Stored data entries:

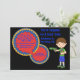 Commencez votre fête avec une invitation laser pour ce garçon d'anniversaire spécial. Il s'agit d'une invitation éclatante et peut être utilisé pour une soirée laser tag, ou même une soirée de paintball. L'Arrière - plan est noir. Il a un garçon aux cheveux bruns tenant un pistolet laser vert dans la main. De l'autre côté de l'invitation se trouve une balise circulaire avec des arêtes pointues. Personnalisez l'invitation avec vos informations de fête. Découvrez d'autres produits de cette collection pour ajouter la touche parfaite à votre fête. ©Illustrations JW
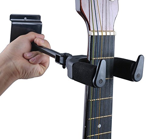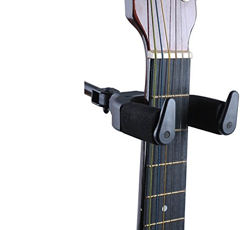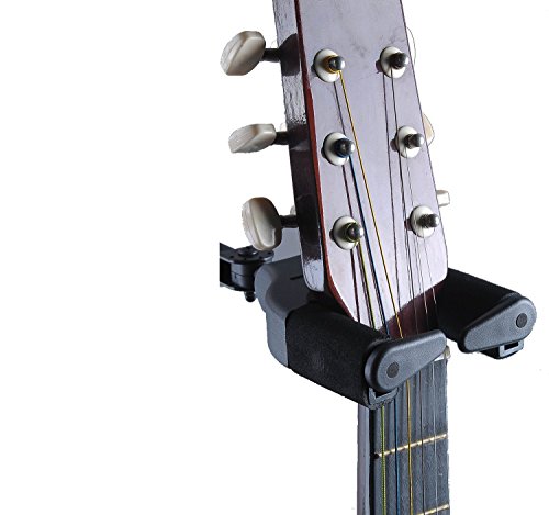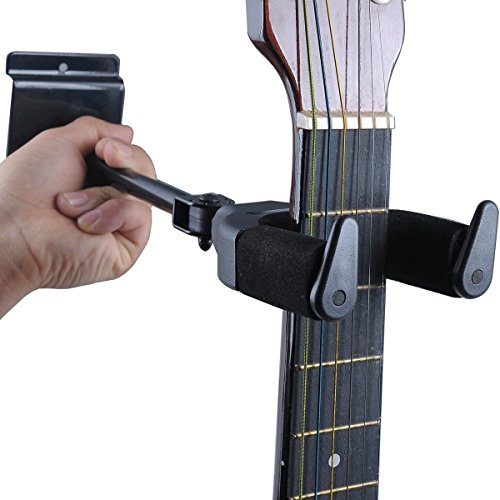 -. Feature : Unique gravity automatic lock design, can be more safe holding the guitar,Auto Grip System yoke safely and securely holds your instrument / Metal frame and plastic sleeve more durable from other wooden frame and soft sponge cover / Suitable for a variety of string instruments such as guitars, basses, violins, mandolins, ukeleles, and a lot more / Revolve device adjust multi-azimuth using that not stiffness to harm your instrument. / Auto lock yoke allows different shaped guitars and basses to hang vertically
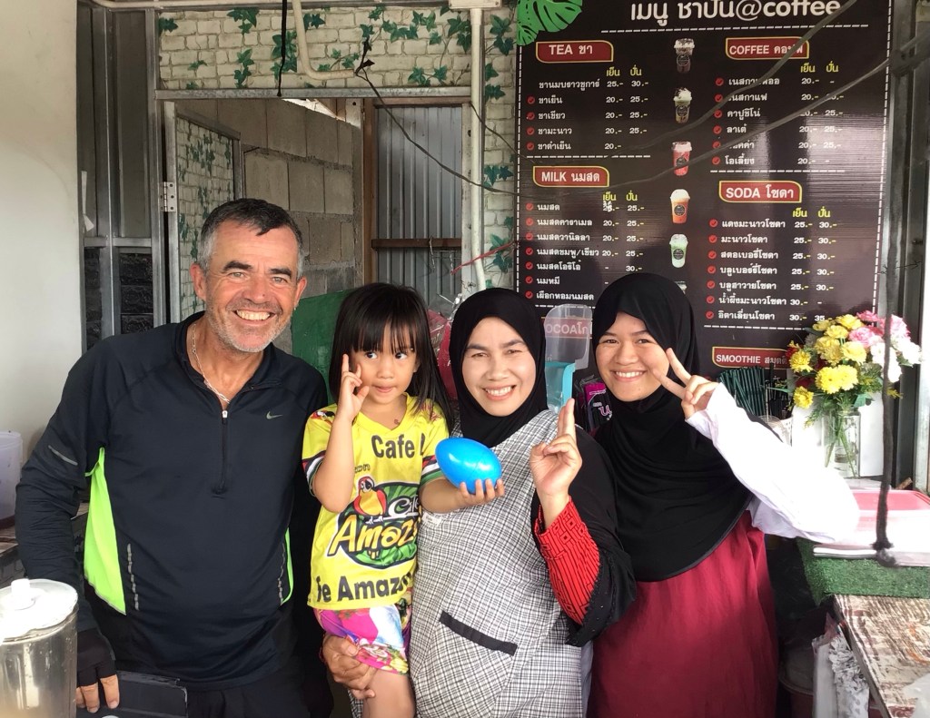 Nous achetons nos billets dont le prix est de 103THB auquel il faut ajouter 90THB pour le transport des vélos soit un peu plus de 5€ pour faire 250kms. Puis nous partons à la recherche d’un endroit où déjeuner. Ce midi, ce sera riz et abats pour moi. A la fin du repas, un jeune garçon, accompagné de sa maman qui parle anglais, arrive à notre table. Elle nous demande si on peut converser en anglais avec son fils. With pleasure ! Il nous demande nos prénoms, notre pays, d’où l’on vient, où l’on va. On discute aussi foot et, bien évidemment, de Mbappé son joueur préféré avec Ronaldo le portugais et Mo Salah l’égyptien. Sa maman nous demande également de nous prendre en photo. Décidément, c’est la journée des stars. Nous acceptons une fois de plus avec grand plaisir.
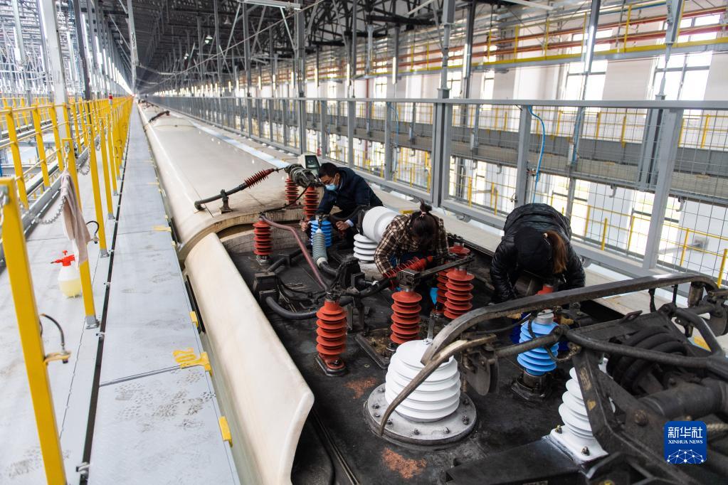 12月26日,工作人員在渝廈高鐵長(cháng)沙西動(dòng)車(chē)運用所6線(xiàn)檢查庫對停放的列車(chē)進(jìn)行保養。
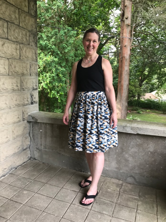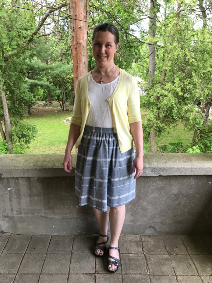 I had altered this Floral Voile Ruby Dress to make it into a blouse during Me Made May since I hadn’t worn it much in the year since I sewed it. I happened to have it in my sewing room and tried on the York over the blouse and realized it was a perfect match for the linen so I used the extra fabric to make bias binding and a hem binding since the length was a bit short and I finished it in time to wear to my stepdaughters’ graduation.
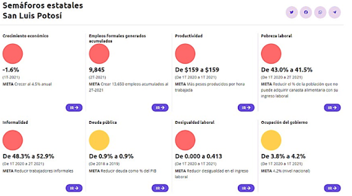 - San Luis Potosí muestra seis de ocho semáforos en rojo por dos en amarillo (la ocupación del gobierno y la deuda pública) Crece en negativo y con alta informalidad mantiene alta pobreza laboral.
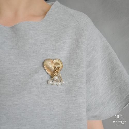 立体的なサテンゴールドのハートからパールがこぼれ出した、とってもかわいいデザインのブローチ。
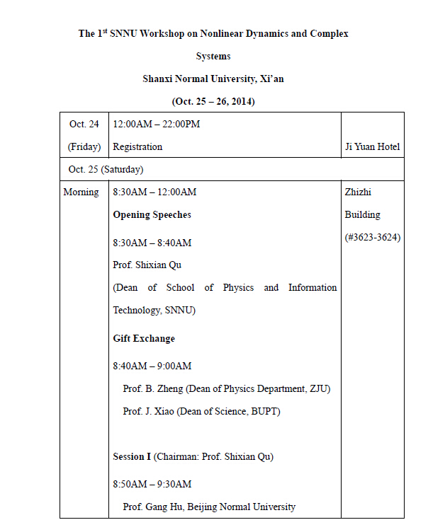 活动类别:2014年beat365手机版官网复杂性科学交叉学科研讨会
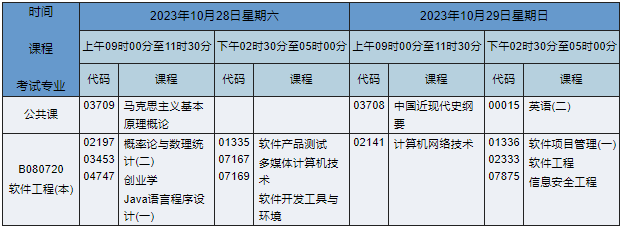 2023年10月湖南自考本科软件工程专业(专业代码:B080720)课程安排如下:
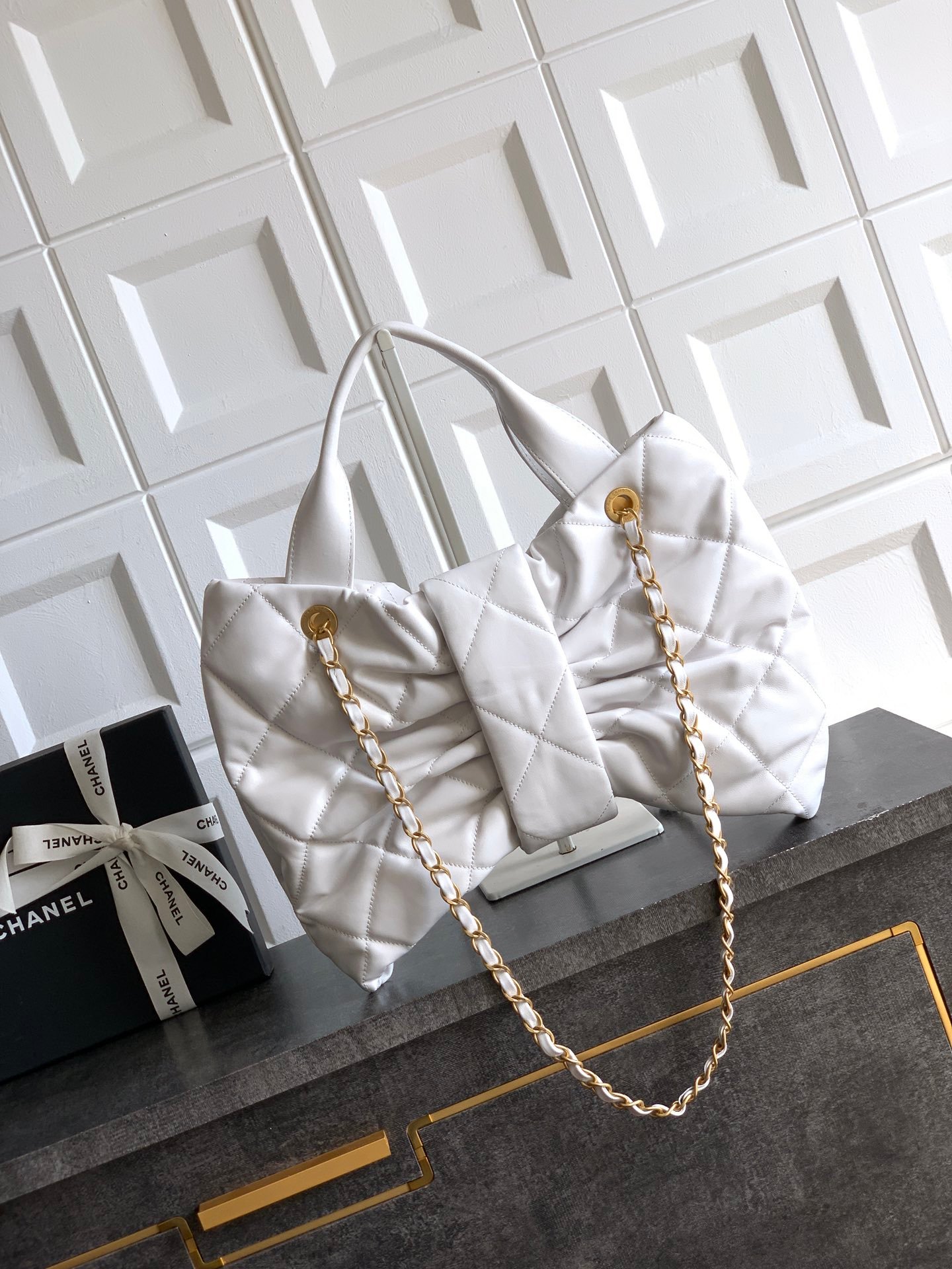 “White” Big OHANEL Butterfly Knot Bag Design and Style Analysis Material variety, versatile style: In addition to denim material, there is also a black original Antiba wax leather version, which has superiorTexture with natural glossiness and clear surface texture withTexture. Compared to traditional lambskin, it can effectively prevent scratches and also has some waterproof properties, allowing the bag to maintain perfect condition in various environments. Practical aesthetics, daily elegance: Although theAppealing and exquisite appearance,Practicality and capacity are perfectly balanced.. The interior space is designed reasonably, accommodating items like smartphones, keys, and cosmetics. The size of the bag is moderate, not too bulky or too small, making it an ideal choice for modern women’sDaily Commuting or Attending a Banquet. Whether paired with casual attire or formal evening gowns, it can easily enhance the refinement of the overall outfit. Brand heritage, modern interpretation!”
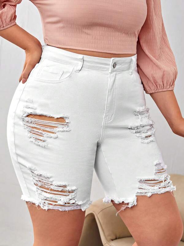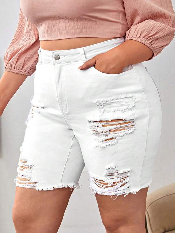 Plus High Waist Ripped Raw Hem Denim Shorts
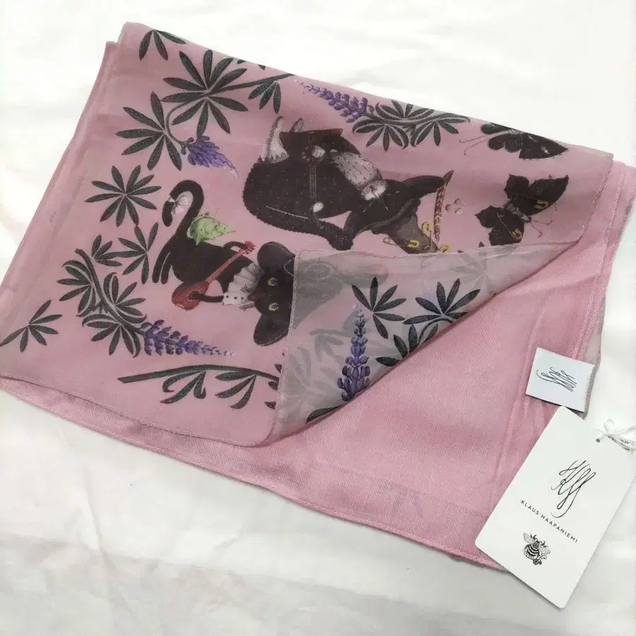 클라우스 하파니에미의 직사각형 고양이, 나비, 꽃무늬 스카프 패턴 부분은 실크 100% 무지 부분은 레이온 100% 사이즈 - 약 66 x 150 컴팩트하게 접어서 발송해 드립니다.
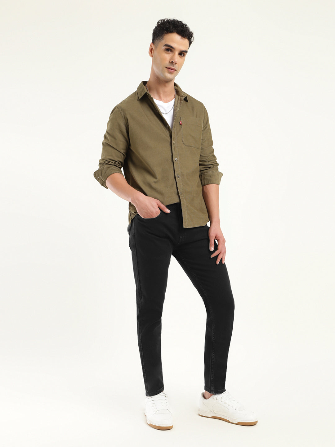 Everything you like about 512 slim, but updated with a narrow fit through the thigh and tapered leg for the fashion-forward guy. It's perfect for the modern look right now. This pair has just the right amount of stretch for all-day comfort and comes in black with the classic 5 pocket and a cotton material. Style it with our classic shirts and a pair of sneakers to complete your casual look.
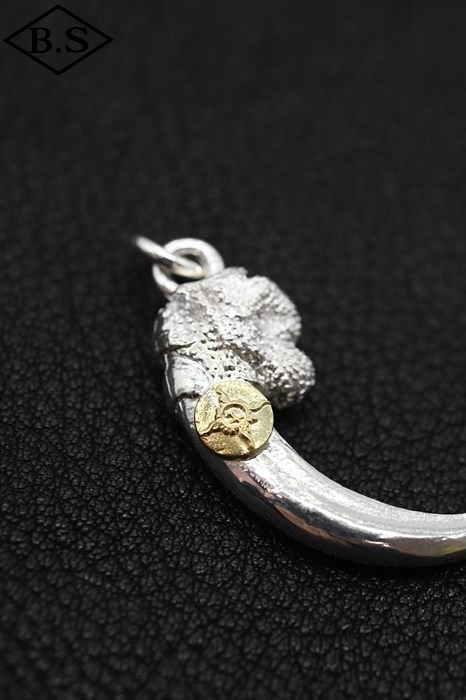 銀金具部分や、造形のうえで硬度を要する部位には、より硬い925Silver<スターリングシルバー>(92.5% 銀 / 7.5% 銅)を使用します。より硬度を必要とする場合、熱処理加工および特殊加工を施し、さらに強化します。加工処理は 950Silver に対しても同様に行うことがあり、硬度をコントロールしながら適材適所で作品をつくります。
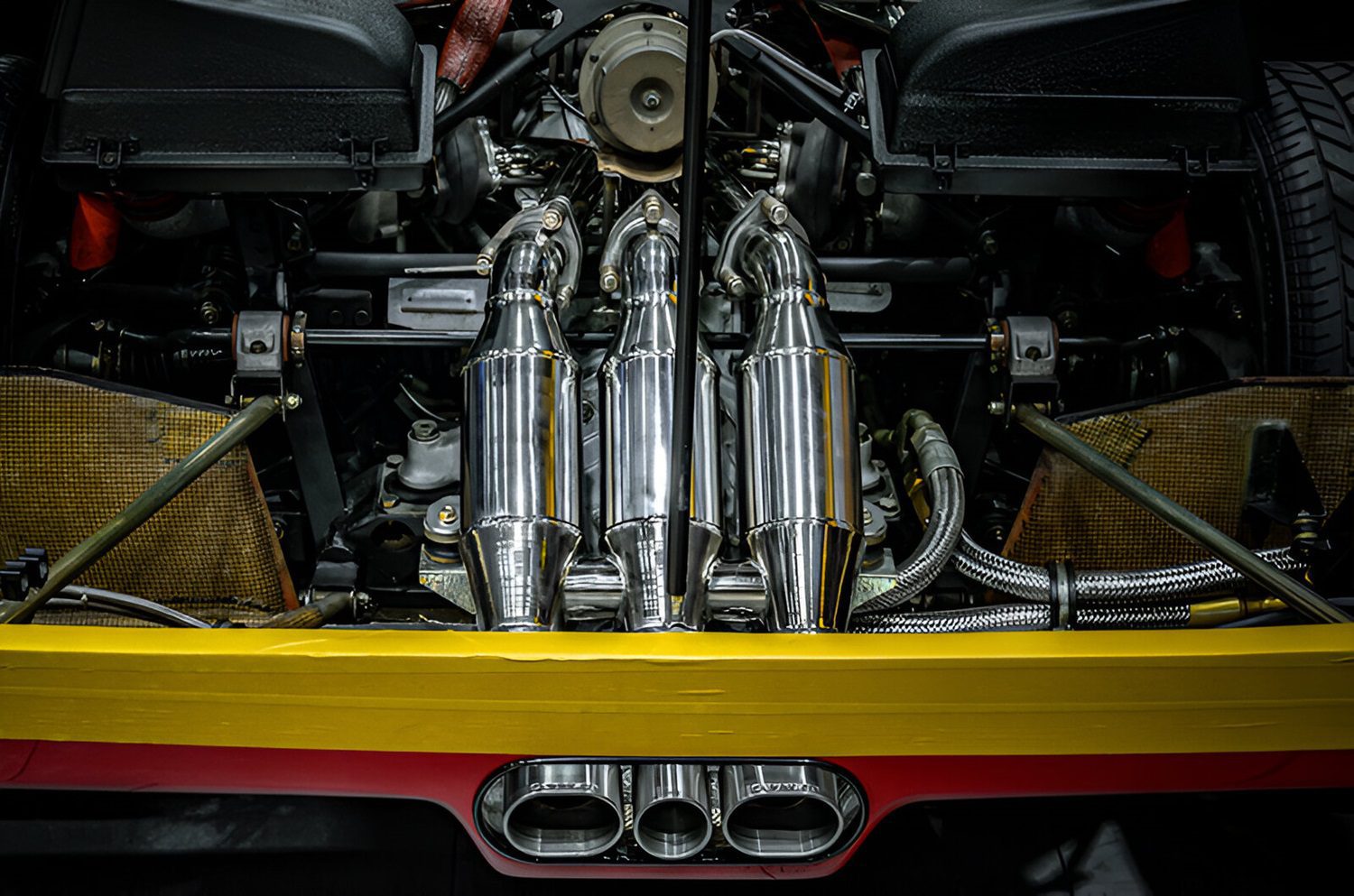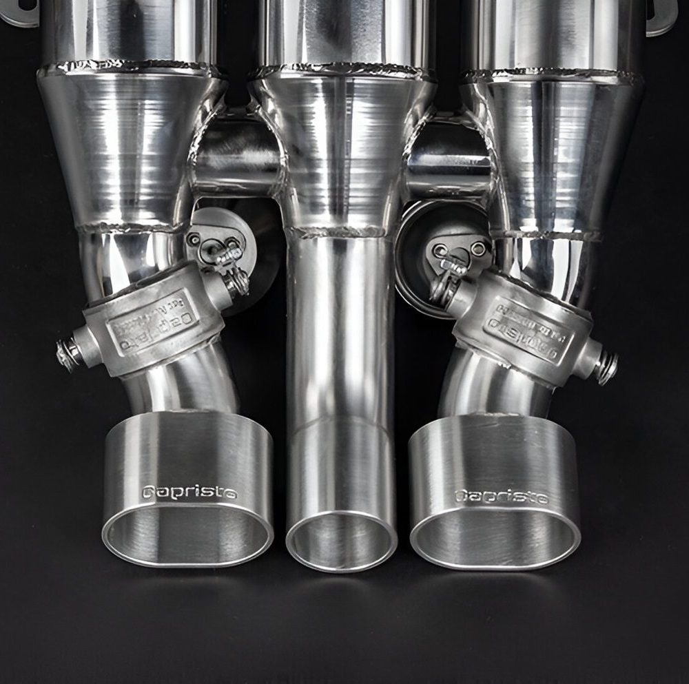 The Capristo Valved Exhaust System for the Ferrari F40 epitomizes the fusion of performance and aesthetics, offering an enhancement that is both audible and visually striking. Crafted from T309 stainless steel, this system not only promises durability but also contributes to the F40’s unique character with an unmistakable sound profile. The integration of a Valvetronic setup allows for a dynamic adjustment between a subdued elegance and a pronounced, aggressive note, catering to the driver’s mood and environment. Capristo’s dedication to perfection is evident in the exhaust tips, which are milled in-house to mirror the design of the original Ferrari tips, ensuring a flawless fit with the OEM bumper exhaust outlet and embodying the OEM+ concept.
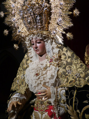 Un vestido de raso morado, un rostro del Señor para la Verónica 104 reales; un fleco de oro entrefino para el manto negro de la Virgen de la Soledad costó 720 reales.
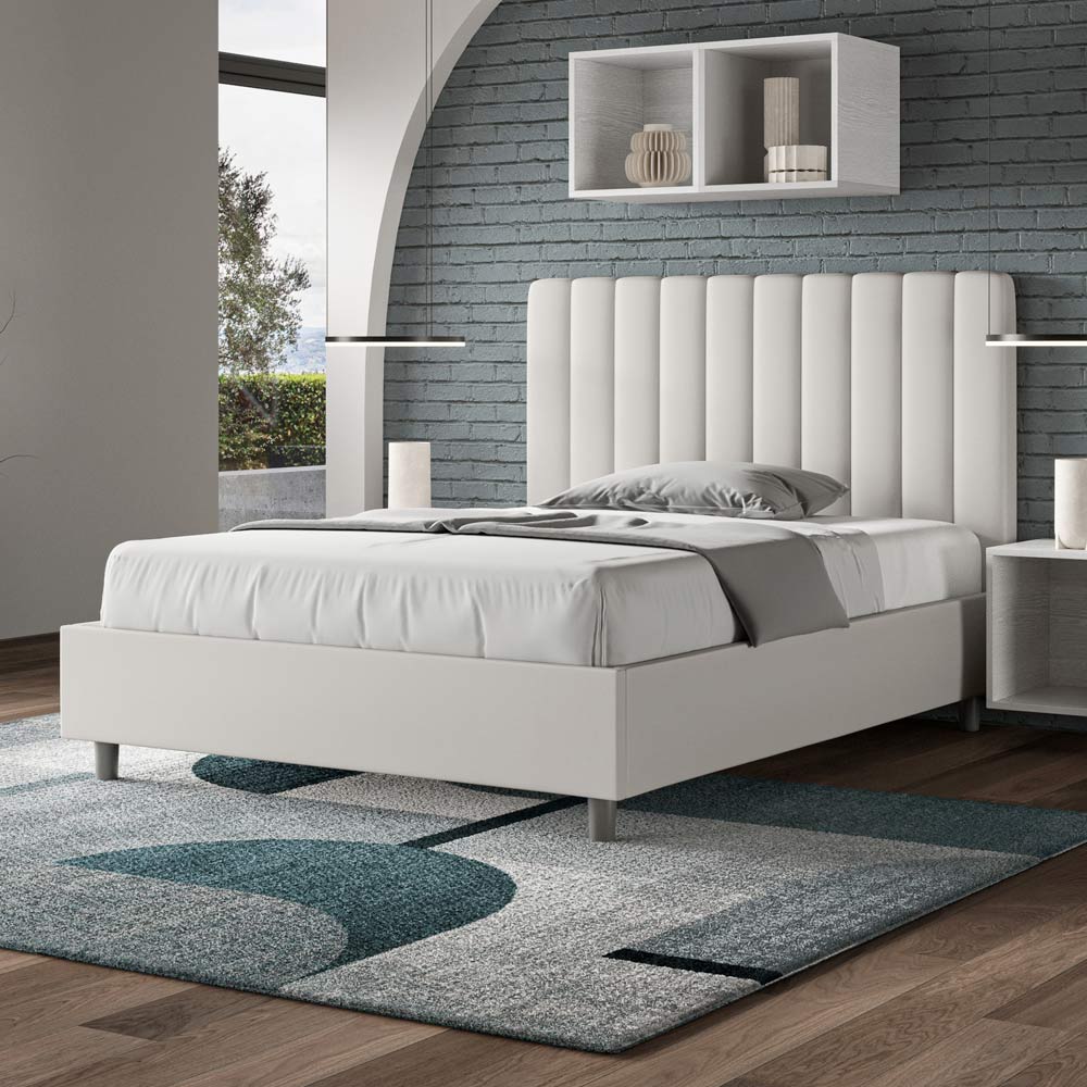 Lit Queen size, 120 x 200 cm, rembourré et recouvert de similicuir, fabriqué en Italie
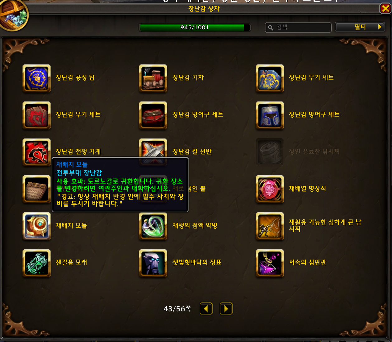 재배치 모듈 장난감은 내부전쟁 확장팩 장난감으로 과충전 구렁 탐험가 업적보상입니다.
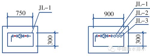確定管道井尺寸首先應(yīng)確定管道的數(shù)量,這取決于給排水的系統(tǒng)組成和分區(qū)數(shù)量。其次應(yīng)進(jìn)行管道排列,使管道盡量靠墻、柱、墻內(nèi)側(cè)布置,盡可能留出較大的維修空間;最后再根據(jù)各管道的管徑,管道間距,考慮保溫層厚度、閥門占據(jù)位置等因素,計(jì)算所需的管道井尺寸(見表1)。管道井可設(shè)計(jì)成多種形狀,以矩形居多。對于矩形管道井,進(jìn)人檢修時(shí),進(jìn)深凈尺寸不宜小于0.6 m,不進(jìn)人檢修時(shí),留有檢查口即可,進(jìn)深凈尺寸不宜小于0.2 m。管道井長度除考慮立管所占空間外,還應(yīng)考慮立管接出的支管所需尺寸,例如水表及前后直線管段(含表前閥門段)最小總長度為0.6 m,則管道井的面寬凈尺寸最小為0.75 m,當(dāng)有三根給水立管并列放置時(shí),水道井面寬凈尺寸不宜小于0.9 m(如圖4所示)。

== ACTIVITY ==
Write out exactly the lines above between the one with "立体的なサテンゴールドのハー" and the one with "2023年10月湖南自考本科", inclusive, with pictures left out.

== RESPONSE TO THIS EXERCISE ==
 立体的なサテンゴールドのハートからパールがこぼれ出した、とってもかわいいデザインのブローチ。
 活动类别:2014年beat365手机版官网复杂性科学交叉学科研讨会
 2023年10月湖南自考本科软件工程专业(专业代码:B080720)课程安排如下:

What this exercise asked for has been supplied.